16:00 – 17:30 (London time);
11 am-12:30 pm (New York, ET)
Check you own time zone.
Deborah G. Mayo (Virginia Tech): Putting the Brakes on the Breakthrough, or “How I used simple logic to uncover a flaw in a controversial 60-year old ‘theorem’ in statistical foundations”
ABSTRACT: An essential component of inference based on familiar frequentist (error statistical) notions p-values, statistical significance and confidence levels, is the relevant sampling distribution (hence the term sampling theory). This results in violations of a principle known as the strong likelihood principle (SLP), or just the likelihood principle (LP), which says, in effect, that outcomes other than those observed are irrelevant for inferences within a statistical model. Now Allan Birnbaum was a frequentist (error statistician), but he found himself in a predicament: He seemed to have shown that the LP follows from uncontroversial frequentist principles!

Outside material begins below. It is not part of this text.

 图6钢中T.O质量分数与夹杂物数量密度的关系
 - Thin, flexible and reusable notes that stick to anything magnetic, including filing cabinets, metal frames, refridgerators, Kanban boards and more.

Bayesians, such as Savage, heralded his result as a “breakthrough in statistics”! But there’s a flaw in the “proof”, and that’s what I aim to show in my presentation by means of 3 simple examples:.

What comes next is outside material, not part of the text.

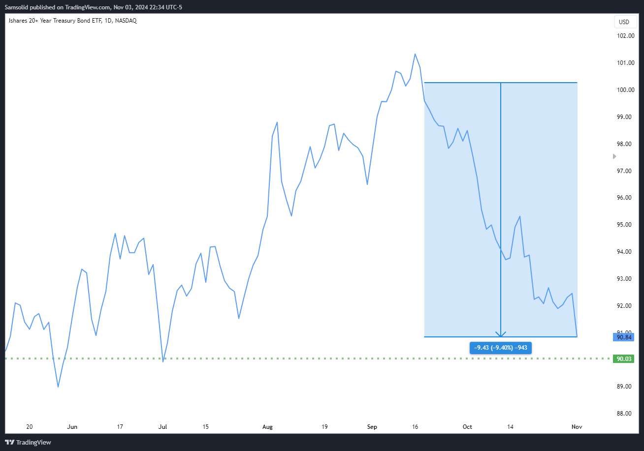 The 10-Year Yield has surged over 70 basis points since the September 18 FOMC meeting, even as the Fed lowered rates by 50 basis points. As evident from the chart, bonds were heavily bought leading up to the meeting, catching bond bulls off guard. Keep in mind that bonds and yields are inversely correlated: when bonds rise, yields fall, and vice versa.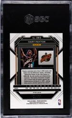 The key features of this card include its rare Purple Prizm parallel, SGC graded 9.5 Mint+ condition, serial numbered 21/99 status, featuring of NBA legend Gary Payton, and its place in the Panini Prizm 2022-23 series.

Example 1: Trying and Trying Again
Example 2: Two instruments with different precisions
(you shouldn’t get credit/blame for something you didn’t do)
The Breakthrough: Don’t Birnbaumize that data my friend
As in the last 9 years, I will post an imaginary dialogue with Allan Birnbaum at the stroke of midnight, New Year’s Eve, and this will be relevant for the talk.
Deborah G. Mayo is professor emerita in the Department of Philosophy at Virginia Tech. Her Error and the Growth of Experimental Knowledge won the 1998 Lakatos Prize in philosophy of science. She is a research associate at the London School of Economics: Centre for the Philosophy of Natural and Social Science (CPNSS). She co-edited (with A. Spanos) Error and Inference (2010, CUP). Her most recent book is Statistical Inference as Severe Testing: How to Get Beyond the Statistics Wars (2018, CUP). She founded the Fund for Experimental Reasoning, Reliability and the Objectivity and Rationality of Science (E.R.R.O.R Fund) which sponsored a 2 week summer seminar in Philosophy of Statistics in 2019 for 15 faculty in philosophy, psychology, statistics, law and computer science (co-directed with A. Spanos). She publishes widely in philosophy of science, statistics, and philosophy of experiment. She blogs at errorstatistics.com and phil-stat-wars.com.